Truth is the point of this post was: although I am not willing to use anyone anymore, the urge is still there particularly around valentines day, thats all im saying, I was also unsure if I was correct, I thought, well its just a date.. maybe im over thinking it.
What was frustrating me was people acting like because they dont like valentines day I shouldn't either, the point is I love valentines day im gonna be sad spending it alone but I will if the alternative is going against my New Years resolution. Personally, my feelings are not hurt because well, I deserve a lot of harsh words for who I used to be, but I can also see why people dont change, at times it feels like what's the point. Instead of venting on here I could be picking out a dress and some nice heels for valentines day.
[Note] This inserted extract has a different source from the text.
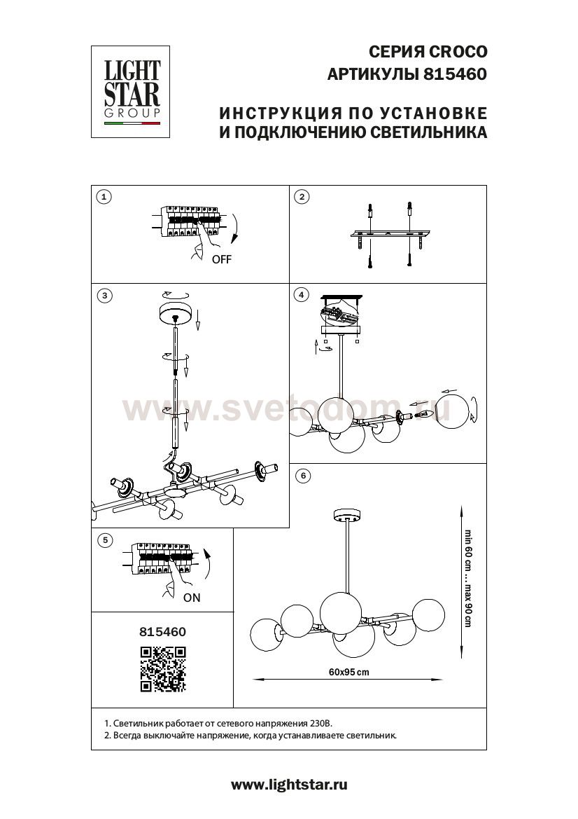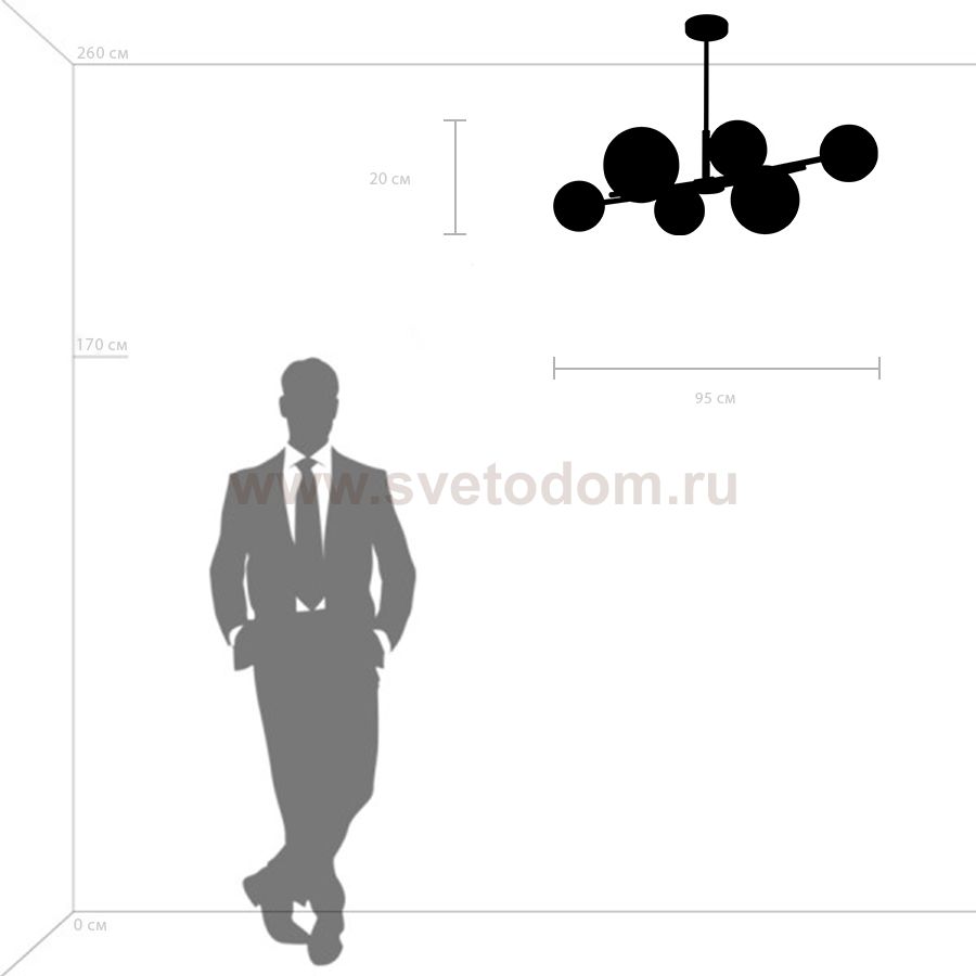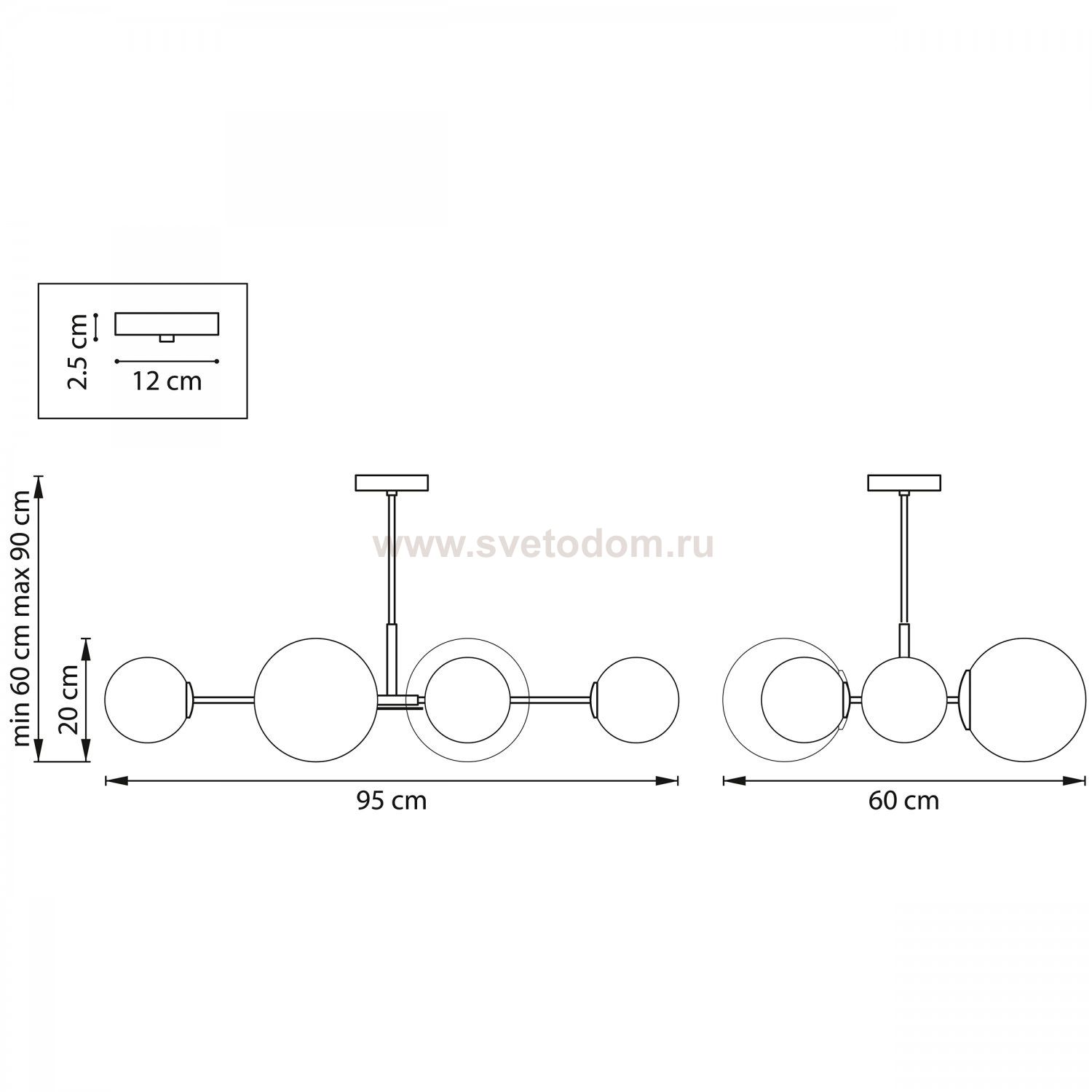 Высота min-max (см): 60-90; Ширина (см): 95*60; Вес (кг): 4,2; Кол-во ламп: 6хЕ14; Мощность max (W): 40; Цвет основания/цвет стекла или абажура: Matt Black/Gold; Штрих-код

I often just throw at you guys points I think of to excuse my behaviour as I dont always know how to combat them, my brain thinks one way. Like I was shocked at the reaction to be fair, I didn't get this much backlash for worse things I've actually done.
This change is not coming easy for me, just snap my fingers and a life time of using people just stops, and I never wanna do it again. I'd be a liar if I tried to convince you all of that. Truth is, its slow, and sometimes I wanna say.. ahh im not hurting anyone that badly and go back to square one, but, im not, im rolling with the punches, the gut punch will deffo be spending valentines day alone, im not sure how I will handle that, not sure if that would be the right answer for me personally.